Birmingham could break with tradition by counting next year’s General Election results on the Friday morning, the day after votes are cast.
City council chief executive Stephen Hughes fears the volume of work for staff running the count will be too great if, as expected, the government goes to the country on May 6, the same day as the local council elections.
Although Mr Hughes, the Returning Officer, has yet to decide, the prospect of delaying counting the General Election votes until the Friday is proving highly controversial and contradicts a promise given by deputy council leader Paul Tilsley.
Asked in September about Birmingham’s intentions, Coun Tilsley (Lib Dem Sheldon) pledged to continue the “proud tradition” of Thursday night counts. His commitment followed a national Conservative Party campaign pressing council chief executives to maintain same-night election counts.
Mr Hughes’s stance has annoyed both halves of the council’s Tory-Liberal Democrat coalition. They fear a next-day count will destroy the drama of General Election night and deprive Birmingham, a key political battleground, of live television coverage.

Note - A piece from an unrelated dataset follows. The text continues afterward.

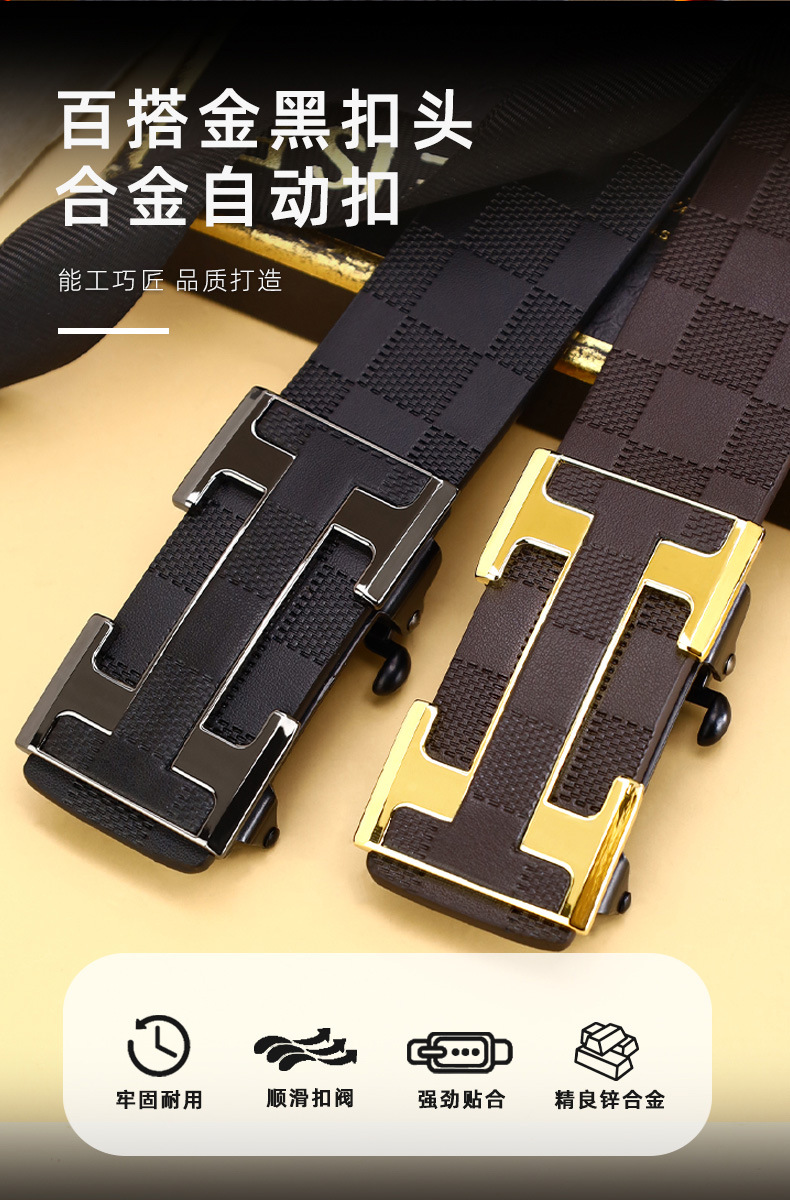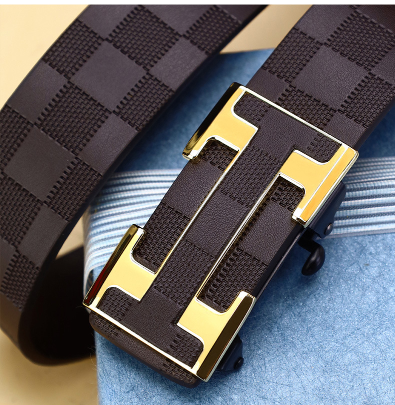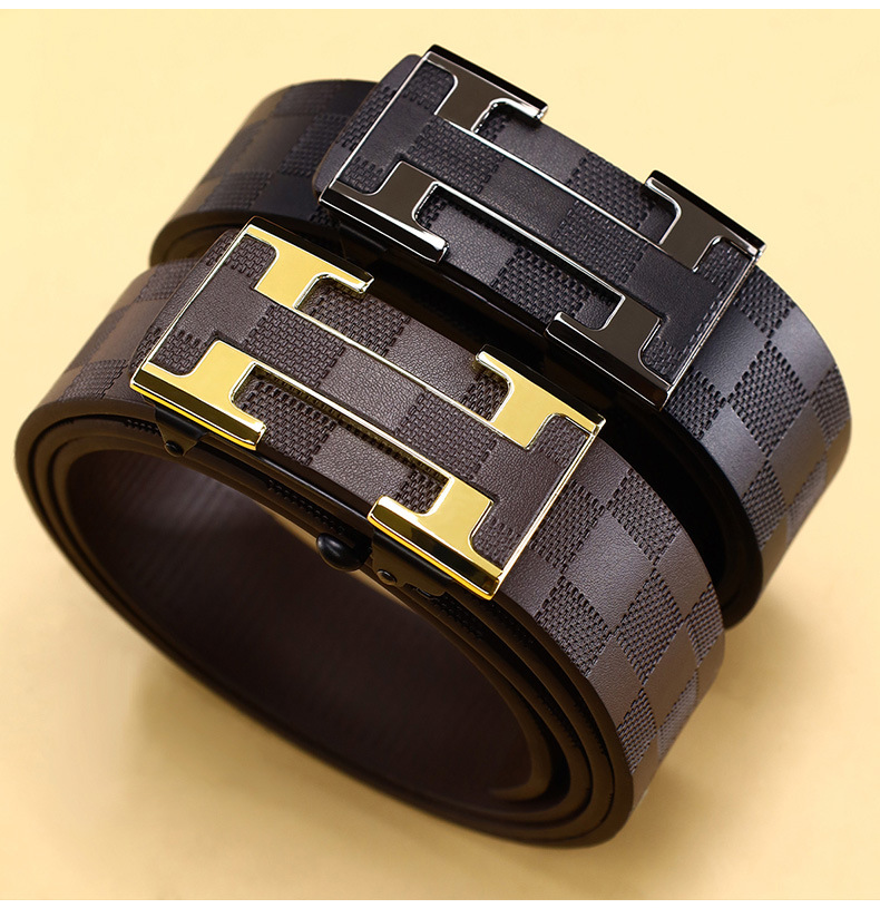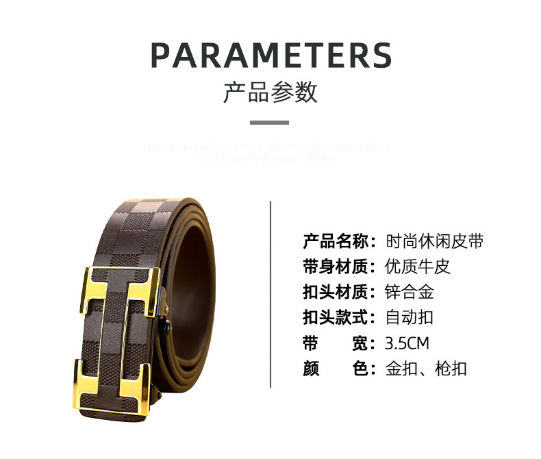 Мужской ремень в клетку с пряжкой из сплава, деловой повседневный пояс, широкий пояс с I-образной пряжкой из Гуанчжоу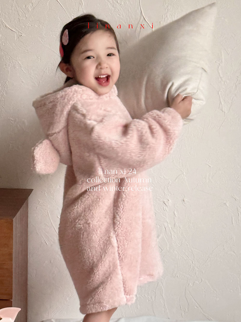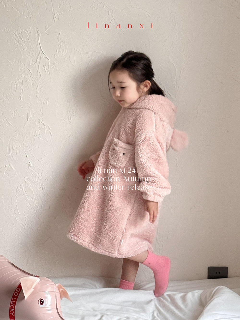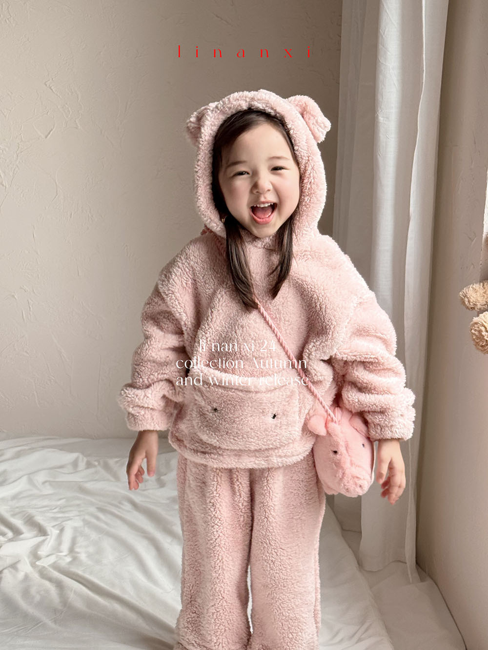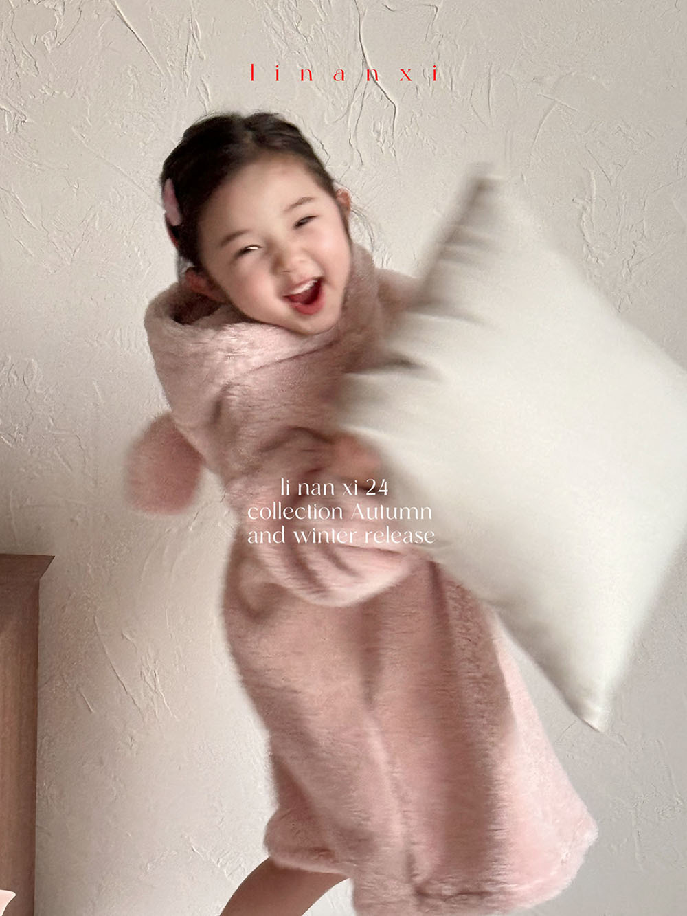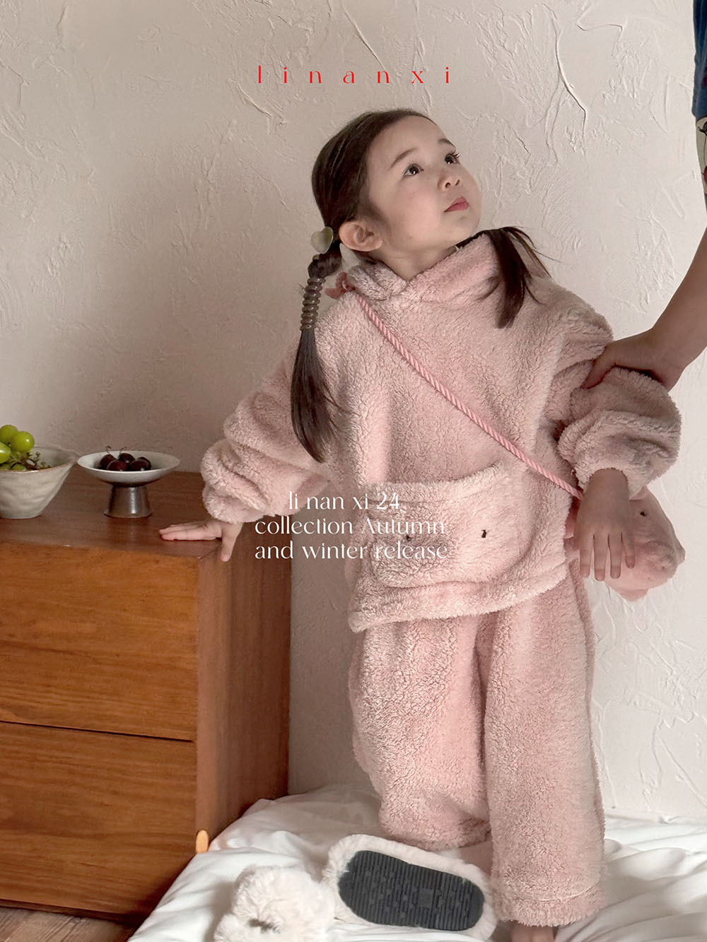 25 아동용 가을 겨울 플러시 홈웨어 돼지 세트+여아용 양면 플러시 만화 잠옷 및 잠옷 바지스토어 가기

When general and local elections have been held on the same day in the past, Birmingham has always combined both counts.
But an increasingly large number of postal votes, which have to be checked manually, and the likelihood of recounts, means that the final seats are not usually declared until about 4am, leaving counting staff exhausted.
One possibility is declaring council seats on Thursday night immediately after polls close and counting the votes to elect Birmingham’s ten MPs on Friday morning.
Alternatively, both elections could be counted on Friday morning, saving the council a hefty bill in overtime payments to staff. Wolverhampton and Newcastle are among UK cities to have announced Friday counts for the General Election. Manchester opted for Thursday.